Olive gives us several views of the re-enactment, and even though it is fake, it is excruciating to watch. There is fake blood and multiple gunshots. One of the victims is pregnant and suffers the worst fate imaginable. I consider myself a hardened, even cynical viewer of staged violence and yet I was shaken. Olive cuts to the pained reactions of audience members of all races, among them little Black children. I was initially shocked that someone would bring their kids to something this violent, then I realized that this was a juxtaposition of actual lynching pictures where KKK members brought their kids along for reasons that ran counter to why people brought their kids to the staged event.
"Always in Season" slowly and meticulously ties these events to its current story of the Lacy family's quest for answers and why they don't believe Lennon Lacy killed himself.
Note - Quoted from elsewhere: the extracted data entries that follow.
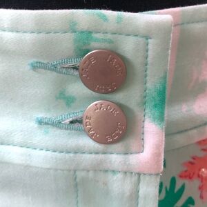 Jade Melody Tam Casual Skirt Sea Shells, Starfish & Coral Allover Print. White with Greens, Pinks & Coral with Beaded Accents. A Line Silhouette. Double Button Zip Fly Closure. Two Back Pockets.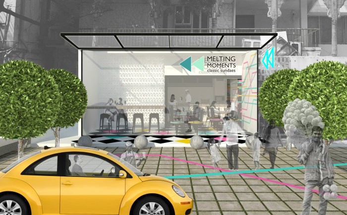 This exciting project is the revival of Hyderabad’s beloved ice-cream parlor, Melting Moments. The brief called for a 50s “chock’lit shoppe” inspired interior, which was reinterpreted by way of tweaking design elements to create a graphic language that’s bold and contemporary. The result was a pop-up ice-cream parlor inspired by 50s retro nostalgia and utopian inclinations. The constrained area and busy, kitschy, surrounding context lend perspective and contrast to the space, and the entire building facade and frontage become a part of the finished space, with repetitive motifs binding the entire design.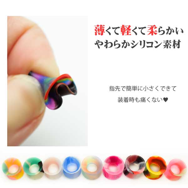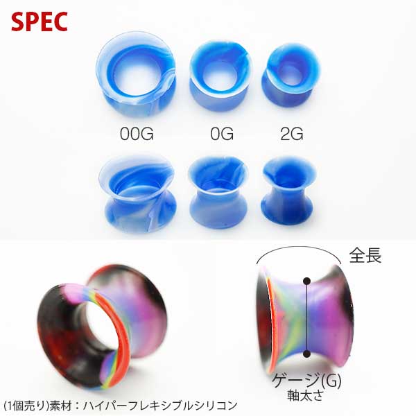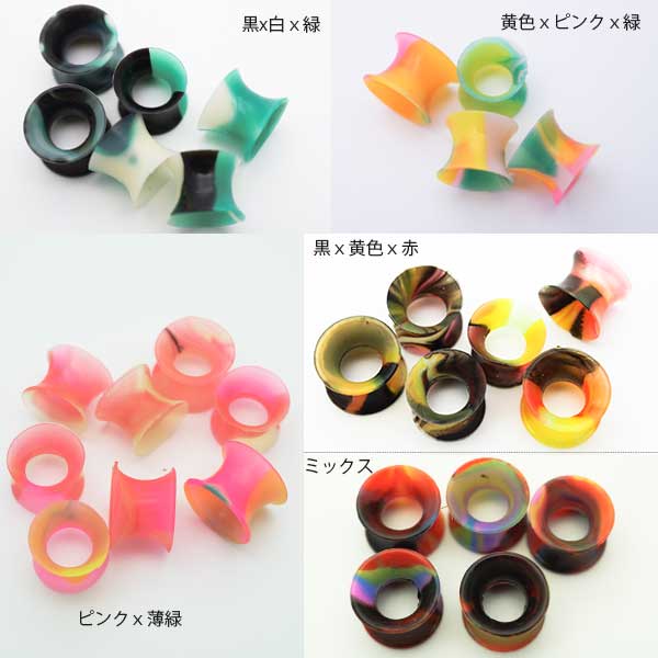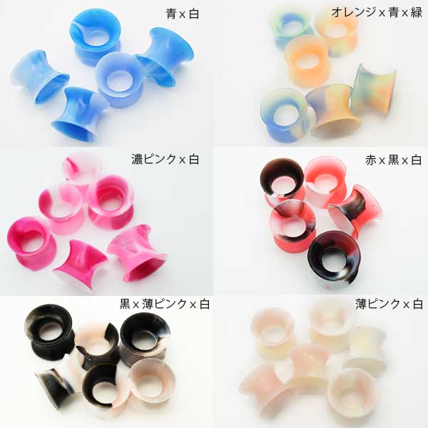 本日P2倍 2G 0G 00G ピアス ボディピアス ミックスカラー 柔らかい シリコン ダブルフレア アイレット シリコンプラグ 拡張器
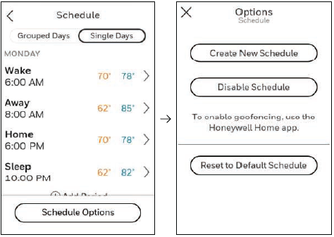 Touch Create New Schedule. The thermostat will then walk you through the schedule setup.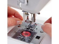 - Možnosť schovania podávania – šitie vo vyšívacom rámčeku (bez podávania), plátanie, prišívanie gombíkov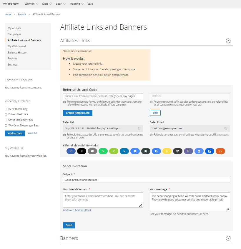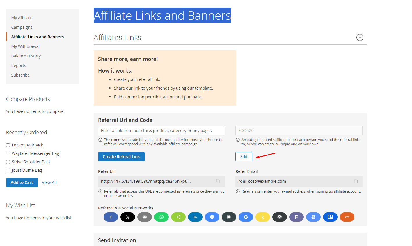 Just insert friends' email addresses together with a message to send invitations instantly on the Affiliate Links and Banners page. Besides that, they can edit the Referral Code or share Referal URL via social media.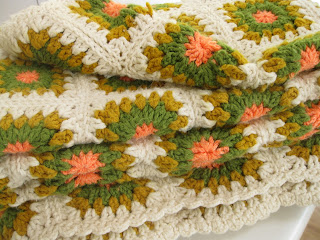 | Isn’t this afghan amazing? My Grandmother Mangum crocheted it in the 70’s and I’m BLOWN AWAY at the warm memories this blanket evoke in me and now as an adult, how brilliant her color combinations are! That super crazy brilliant pop of neon coral/peach against the dark green and olive green. LOVE that this afghan is crocheted in a wool blend and that it has retained it’s shape and texture. LOVE IT!

The primary reasons for lynching, according to Ifill and the Equal Justice Initiative's Bryan Stephenson, is a belief there had been some romantic or sexual intention or interaction between the victim and a White woman. We later meet Michelle Brimhall, Lennon's White 32-year old ex-girlfriend, whose relationship with the deceased was looked down upon by the parents of one of his friends. We are told by Lennon's older brother that the police held Lennon's body for three days without offering any answers to the family. "The police department was closed," he says incredulously. And we learn that forensics evidence may not have been collected. By all accounts, Lennon was distraught over his breakup and the death of his beloved uncle, but he was also excited to play in the big game scheduled for the day after his death. Lennon was part of an interracial trio of inseparable friends, and even they seem to suspect something's amiss.
By virtue of its subject, "Always in Season" is going to be a very hard sit for many, but this film should be seen. It is an unflinching look at how the racial sins of the past flow through the arteries of the present day. Since the Lacy investigation started, there have been 20 Black men who were found hanged in a public place. These were all quickly deemed suicides without much investigation, if any. So, suspicion is easily understandable and not without precedent. Some of the people involved in the Monroe crime may still be alive, but nobody's talking. If Lennon Lacy's death is indeed homicide, the killers still walk amongst his relatives—and nobody's talking. When asked by Olive why people in Monroe needed to see that yearly replay, an actress says "because it's history." It shouldn't be buried. As Faulkner wrote, "The past is never dead. It's not even past."